Computation of all EMD between pairs of flowFrames belonging to a flowSet. This method provides two different input modes:

  • the user provides directly a flowSet loaded in memory (RAM).

  • the user provides (1.) a number of samples nSamples; (2.) an ad-hoc function that takes as input an index between 1 and nSamples, and codes the method to load the corresponding flowFrame in memory; Optional row and column ranges can be provided to limit the calculation to a specific rectangle of the matrix.
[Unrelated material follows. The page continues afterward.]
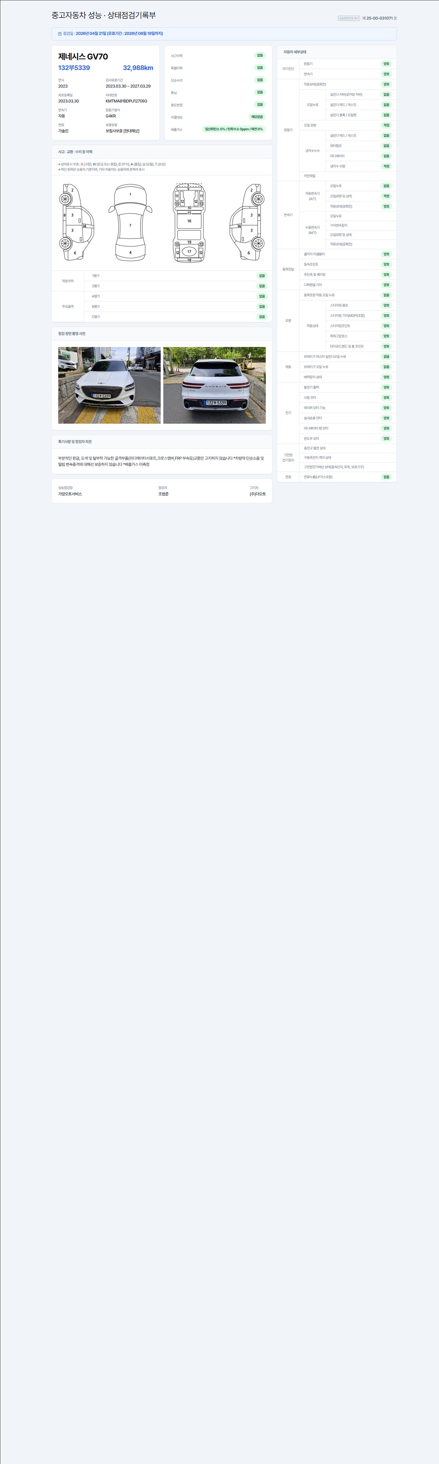 - 사고유무 : 성능기록부 참조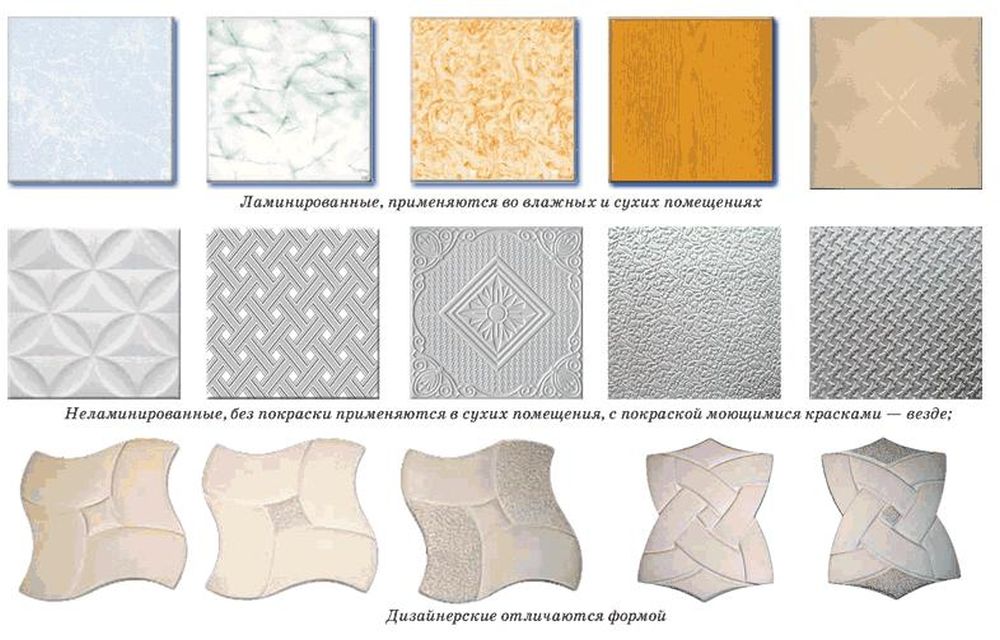 So, for finishing rooms with high humidity (bathroom, kitchen) you should choose the type of ceiling tile with laminated coating, and for drier ones, you can also choose a simple tile with a porous structure.

These i.e. can be specified as a way to split heavy calculations of large distance matrices on several computation nodes.

pairwiseEMDDist(
  x,
  rowRange = c(1, nSamples),
  colRange = c(min(rowRange), nSamples),
  loadFlowFrameFUN = NULL,
  loadFlowFrameFUNArgs = NULL,
  channels = NULL,
  verbose = FALSE,
  BPPARAM = BiocParallel::SerialParam(),
  BPOPTIONS = BiocParallel::bpoptions(packages = c("flowCore")),
  binSize = 0.05,
  minRange = -10,
  maxRange = 10
)

Arguments

x

either a flowCore::flowSet, or the number of samples (integer >=1)

rowRange

the range of rows of the distance matrix to be calculated

colRange

the range of columns of the distance matrix to be calculated

loadFlowFrameFUN

the function used to translate a flowFrame index into a flowFrame. In other words, the function should code how to load a specific flowFrame into memory. Important: the flow Frame index should be the first function argument and should be named ffIndex.

loadFlowFrameFUNArgs

(optional) a named list containing additional input parameters of loadFlowFrameFUN()

channels

which channels (integer index(ices) or character(s)):

  • if it is a character vector, it can refer to either the channel names, or the marker names

  • if it is a numeric vector, it refers to the indexes of channels in fs

  • if NULL all scatter and fluorescent channels of fs #' will be selected

verbose

if TRUE, output a message after each single distance calculation

BPPARAM

sets the BPPARAM back-end to be used for the computation. If not provided, will use BiocParallel::SerialParam() (no task parallelization)

BPOPTIONS

sets the BPOPTIONS to be passed to bplapply() function. Note that if you use a SnowParams back-end, you need to specify all the packages that need to be loaded for the different CytoProcessingStep to work properly (visibility of functions). As a minimum, the flowCore package needs to be loaded. (hence the default BPOPTIONS = bpoptions(packages = c("flowCore")) )

binSize

size of equal bins to approximate the marginal distributions.

minRange

minimum value taken when approximating the marginal distributions

maxRange

maximum value taken when approximating the marginal distributions

Value

a distance matrix of pairwise distances (full symmetric with 0. diagonal)

Examples


library(CytoPipeline)

data(OMIP021Samples)

# estimate scale transformations
# and transform the whole OMIP021Samples

transList <- estimateScaleTransforms(
    ff = OMIP021Samples[[1]],
    fluoMethod = "estimateLogicle",
    scatterMethod = "linearQuantile",
    scatterRefMarker = "BV785 - CD3")

OMIP021Trans <- CytoPipeline::applyScaleTransforms(
    OMIP021Samples,
    transList)

# calculate pairwise distances using only FSC-A & SSC-A channels
pwDist <- pairwiseEMDDist(
    x = OMIP021Trans,
    channels = c("FSC-A", "SSC-A"))